= Beginning of Section =

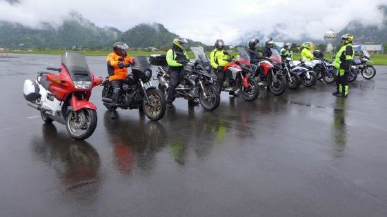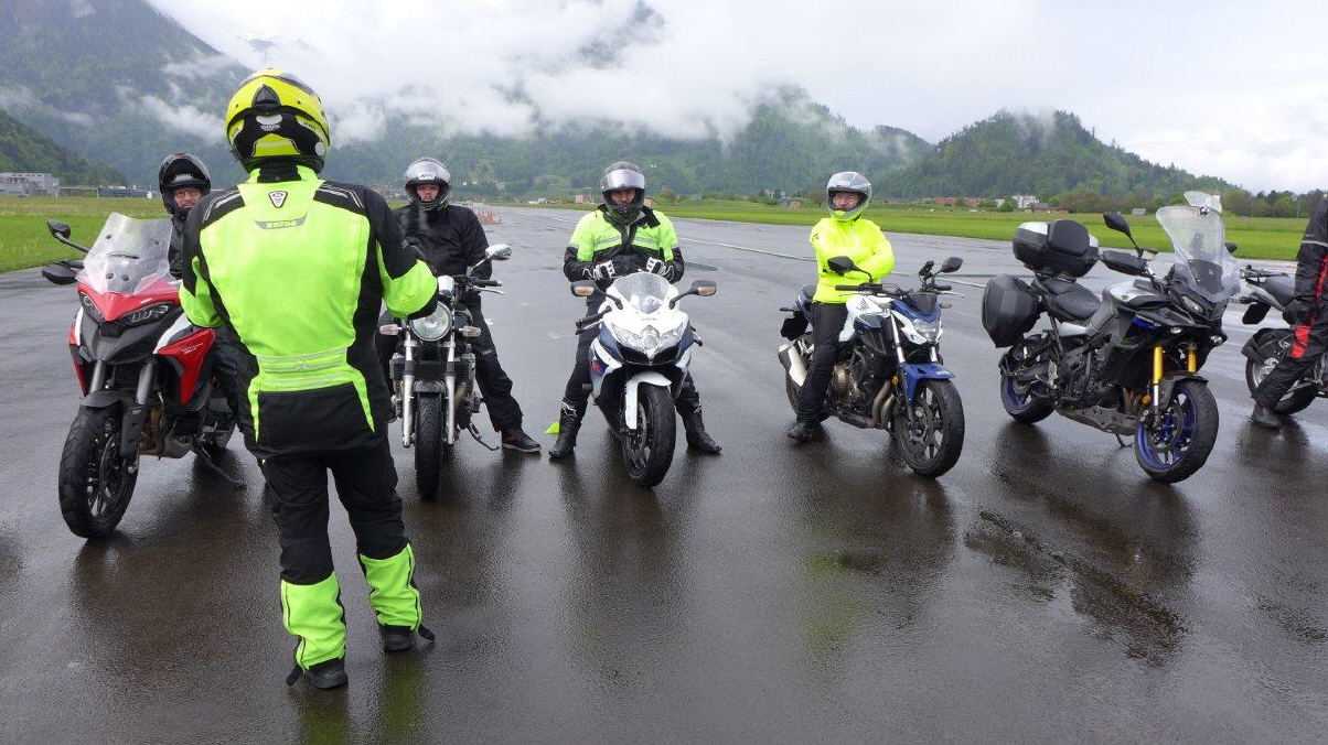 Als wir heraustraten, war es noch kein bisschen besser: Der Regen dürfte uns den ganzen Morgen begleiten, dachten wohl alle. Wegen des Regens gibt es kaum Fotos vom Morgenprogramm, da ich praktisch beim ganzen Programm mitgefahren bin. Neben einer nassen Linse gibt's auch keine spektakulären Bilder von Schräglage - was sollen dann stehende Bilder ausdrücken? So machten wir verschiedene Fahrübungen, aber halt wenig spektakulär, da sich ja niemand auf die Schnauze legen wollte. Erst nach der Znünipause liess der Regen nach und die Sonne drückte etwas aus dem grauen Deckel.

= End of Section =
= Beginning of Section =

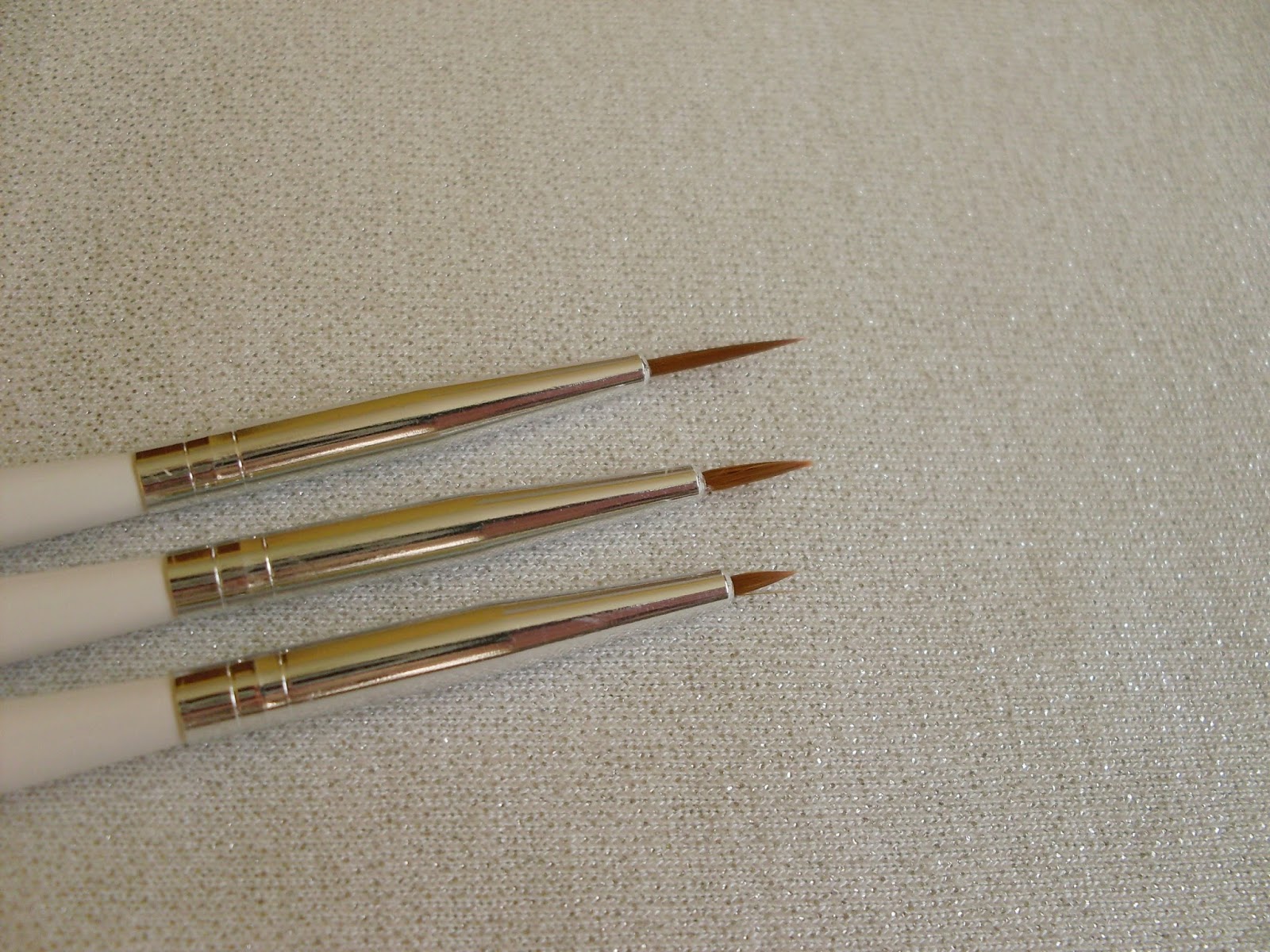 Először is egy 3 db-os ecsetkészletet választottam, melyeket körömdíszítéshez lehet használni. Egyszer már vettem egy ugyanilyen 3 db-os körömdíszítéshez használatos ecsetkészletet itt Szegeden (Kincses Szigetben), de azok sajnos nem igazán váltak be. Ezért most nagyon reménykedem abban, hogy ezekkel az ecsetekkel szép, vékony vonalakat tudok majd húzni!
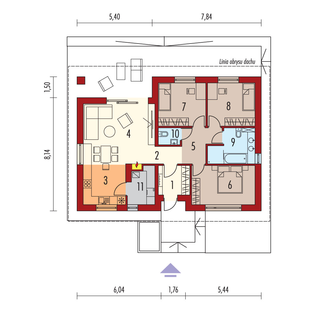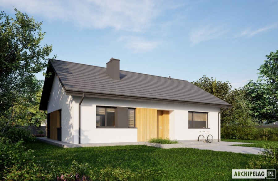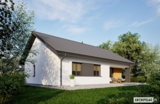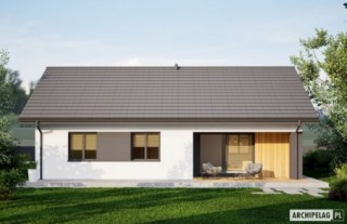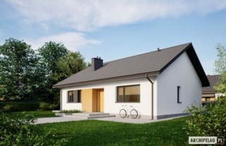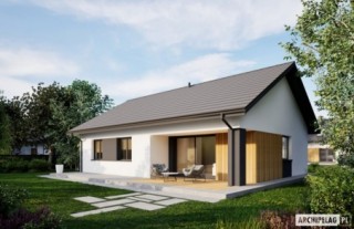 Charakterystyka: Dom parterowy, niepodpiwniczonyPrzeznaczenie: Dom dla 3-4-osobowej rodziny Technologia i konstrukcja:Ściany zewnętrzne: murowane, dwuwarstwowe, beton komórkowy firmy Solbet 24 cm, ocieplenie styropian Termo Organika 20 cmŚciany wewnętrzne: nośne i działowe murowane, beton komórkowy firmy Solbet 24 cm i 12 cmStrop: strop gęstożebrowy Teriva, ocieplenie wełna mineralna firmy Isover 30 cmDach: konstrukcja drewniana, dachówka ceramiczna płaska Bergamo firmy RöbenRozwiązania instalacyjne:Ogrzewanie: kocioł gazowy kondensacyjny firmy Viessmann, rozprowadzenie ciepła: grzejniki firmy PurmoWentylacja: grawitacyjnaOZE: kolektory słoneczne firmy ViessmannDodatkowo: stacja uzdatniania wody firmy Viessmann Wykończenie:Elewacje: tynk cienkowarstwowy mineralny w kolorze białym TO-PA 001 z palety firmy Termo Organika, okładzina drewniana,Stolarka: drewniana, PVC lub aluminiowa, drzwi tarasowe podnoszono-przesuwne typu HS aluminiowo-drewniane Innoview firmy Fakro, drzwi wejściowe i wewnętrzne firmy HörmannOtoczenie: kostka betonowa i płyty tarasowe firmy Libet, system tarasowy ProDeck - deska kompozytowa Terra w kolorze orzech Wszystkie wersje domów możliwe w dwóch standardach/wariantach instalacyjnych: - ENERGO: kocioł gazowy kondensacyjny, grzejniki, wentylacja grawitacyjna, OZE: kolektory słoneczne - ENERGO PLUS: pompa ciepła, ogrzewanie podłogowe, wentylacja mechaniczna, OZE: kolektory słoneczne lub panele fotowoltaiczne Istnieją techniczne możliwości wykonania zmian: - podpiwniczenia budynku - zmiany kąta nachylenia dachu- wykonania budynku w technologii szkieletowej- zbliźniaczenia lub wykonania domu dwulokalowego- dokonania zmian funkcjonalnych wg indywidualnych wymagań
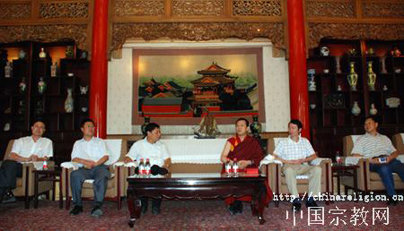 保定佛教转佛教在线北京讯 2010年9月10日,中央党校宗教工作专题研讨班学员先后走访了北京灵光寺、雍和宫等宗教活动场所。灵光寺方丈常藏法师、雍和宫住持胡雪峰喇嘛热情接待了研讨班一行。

= End of Section =
= Beginning of Section =

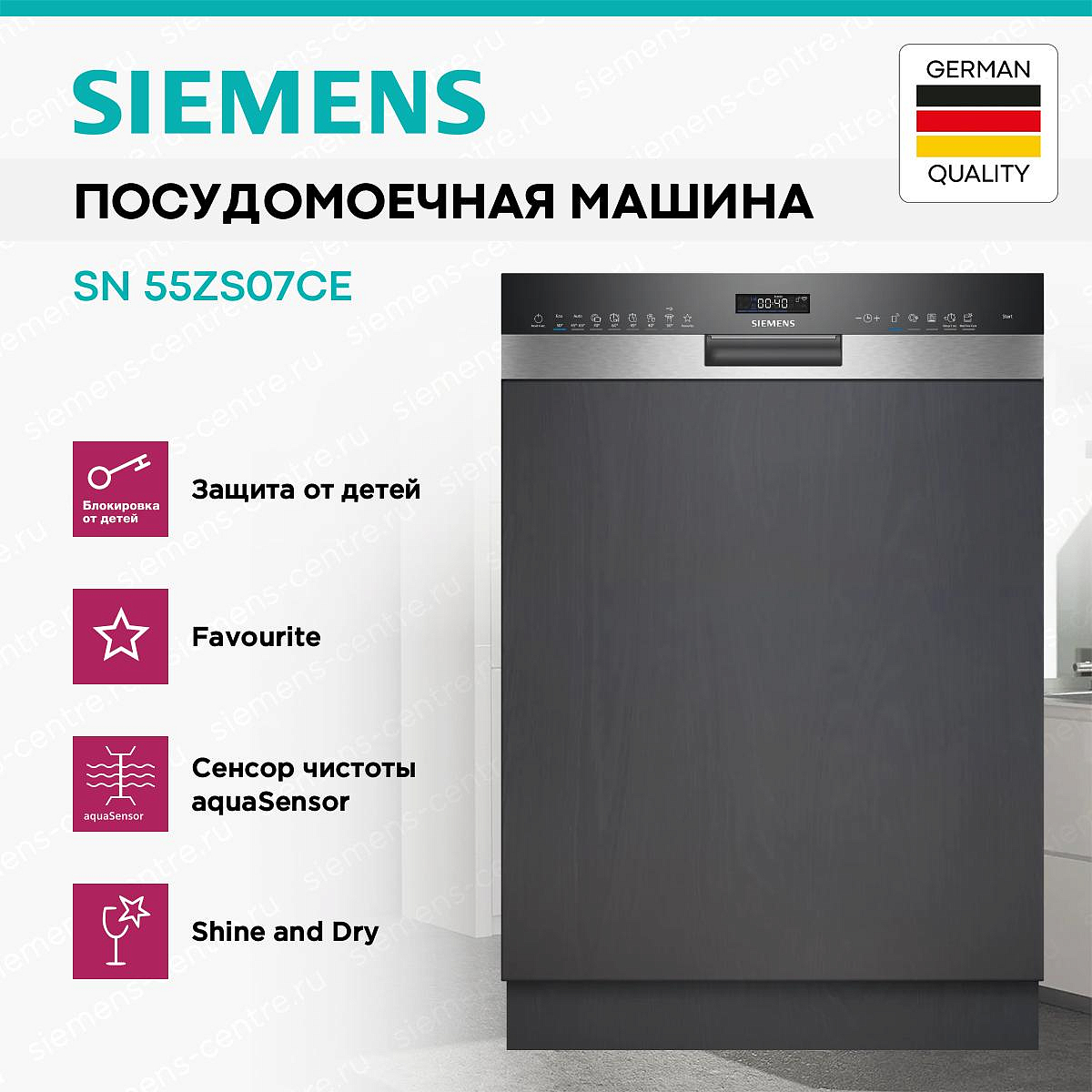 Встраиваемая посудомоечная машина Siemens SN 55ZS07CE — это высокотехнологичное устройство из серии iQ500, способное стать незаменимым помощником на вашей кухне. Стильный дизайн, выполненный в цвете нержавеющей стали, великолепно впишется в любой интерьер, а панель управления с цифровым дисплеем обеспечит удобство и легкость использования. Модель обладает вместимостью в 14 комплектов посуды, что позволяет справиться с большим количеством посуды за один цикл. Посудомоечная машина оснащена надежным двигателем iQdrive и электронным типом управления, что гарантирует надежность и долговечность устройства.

= End of Section =

§ **The problem**
Reproduce exactly the lines of the data above that run from the line with "Először is egy" down to the line with "wg indywidualnych wymagań", both ends included. Pictures do not belong in the copy.

§ **Answer space**
 Először is egy 3 db-os ecsetkészletet választottam, melyeket körömdíszítéshez lehet használni. Egyszer már vettem egy ugyanilyen 3 db-os körömdíszítéshez használatos ecsetkészletet itt Szegeden (Kincses Szigetben), de azok sajnos nem igazán váltak be. Ezért most nagyon reménykedem abban, hogy ezekkel az ecsetekkel szép, vékony vonalakat tudok majd húzni!
 Charakterystyka: Dom parterowy, niepodpiwniczonyPrzeznaczenie: Dom dla 3-4-osobowej rodziny Technologia i konstrukcja:Ściany zewnętrzne: murowane, dwuwarstwowe, beton komórkowy firmy Solbet 24 cm, ocieplenie styropian Termo Organika 20 cmŚciany wewnętrzne: nośne i działowe murowane, beton komórkowy firmy Solbet 24 cm i 12 cmStrop: strop gęstożebrowy Teriva, ocieplenie wełna mineralna firmy Isover 30 cmDach: konstrukcja drewniana, dachówka ceramiczna płaska Bergamo firmy RöbenRozwiązania instalacyjne:Ogrzewanie: kocioł gazowy kondensacyjny firmy Viessmann, rozprowadzenie ciepła: grzejniki firmy PurmoWentylacja: grawitacyjnaOZE: kolektory słoneczne firmy ViessmannDodatkowo: stacja uzdatniania wody firmy Viessmann Wykończenie:Elewacje: tynk cienkowarstwowy mineralny w kolorze białym TO-PA 001 z palety firmy Termo Organika, okładzina drewniana,Stolarka: drewniana, PVC lub aluminiowa, drzwi tarasowe podnoszono-przesuwne typu HS aluminiowo-drewniane Innoview firmy Fakro, drzwi wejściowe i wewnętrzne firmy HörmannOtoczenie: kostka betonowa i płyty tarasowe firmy Libet, system tarasowy ProDeck - deska kompozytowa Terra w kolorze orzech Wszystkie wersje domów możliwe w dwóch standardach/wariantach instalacyjnych: - ENERGO: kocioł gazowy kondensacyjny, grzejniki, wentylacja grawitacyjna, OZE: kolektory słoneczne - ENERGO PLUS: pompa ciepła, ogrzewanie podłogowe, wentylacja mechaniczna, OZE: kolektory słoneczne lub panele fotowoltaiczne Istnieją techniczne możliwości wykonania zmian: - podpiwniczenia budynku - zmiany kąta nachylenia dachu- wykonania budynku w technologii szkieletowej- zbliźniaczenia lub wykonania domu dwulokalowego- dokonania zmian funkcjonalnych wg indywidualnych wymagań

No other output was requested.